- _Work to be completed_:
Reproduce, without alteration, every line of the data; exclude the images.

- _Collected material_:
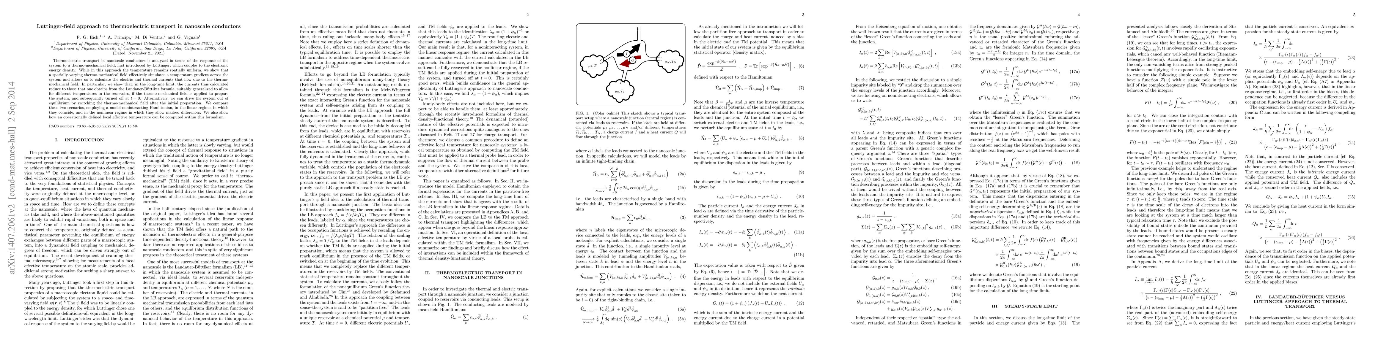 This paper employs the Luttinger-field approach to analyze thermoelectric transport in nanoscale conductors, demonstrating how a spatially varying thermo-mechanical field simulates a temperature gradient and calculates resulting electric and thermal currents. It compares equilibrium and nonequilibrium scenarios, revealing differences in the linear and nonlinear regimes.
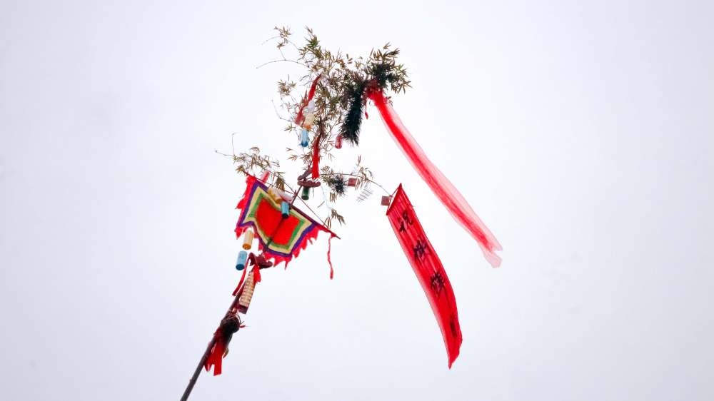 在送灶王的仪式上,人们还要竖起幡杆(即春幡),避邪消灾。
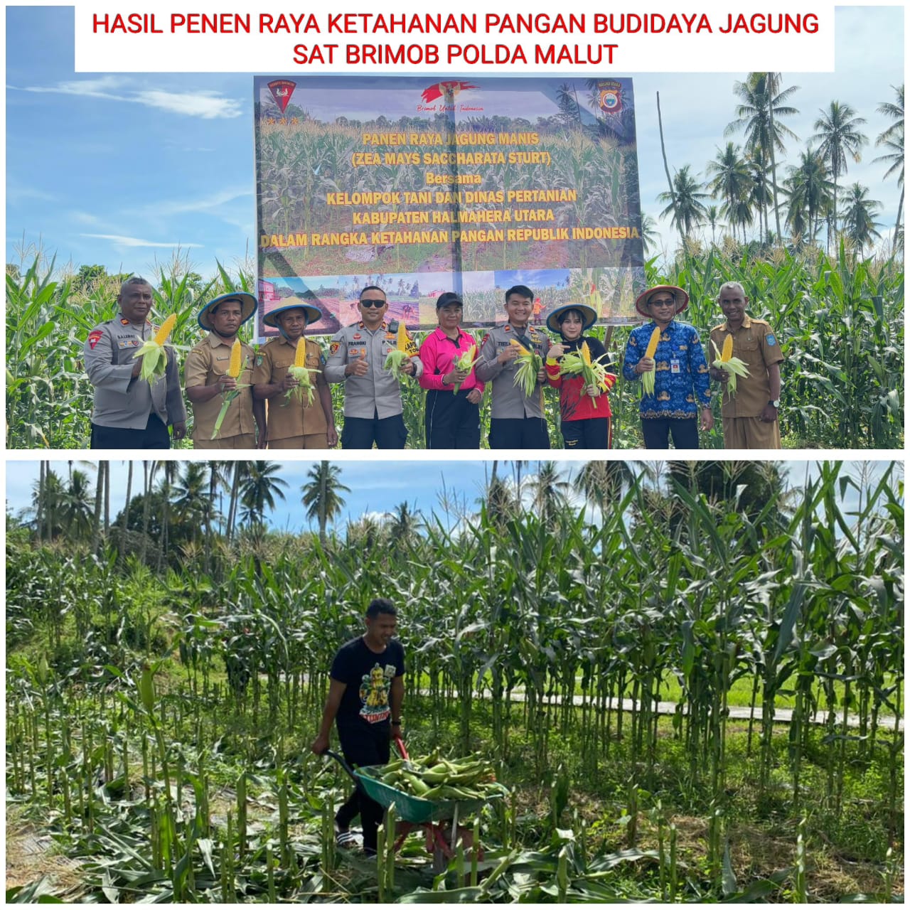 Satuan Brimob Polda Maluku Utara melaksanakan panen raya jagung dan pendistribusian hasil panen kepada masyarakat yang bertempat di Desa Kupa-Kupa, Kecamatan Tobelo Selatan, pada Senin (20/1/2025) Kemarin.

- _Reply to the exercise_:
 This paper employs the Luttinger-field approach to analyze thermoelectric transport in nanoscale conductors, demonstrating how a spatially varying thermo-mechanical field simulates a temperature gradient and calculates resulting electric and thermal currents. It compares equilibrium and nonequilibrium scenarios, revealing differences in the linear and nonlinear regimes.
 在送灶王的仪式上,人们还要竖起幡杆(即春幡),避邪消灾。
 Satuan Brimob Polda Maluku Utara melaksanakan panen raya jagung dan pendistribusian hasil panen kepada masyarakat yang bertempat di Desa Kupa-Kupa, Kecamatan Tobelo Selatan, pada Senin (20/1/2025) Kemarin.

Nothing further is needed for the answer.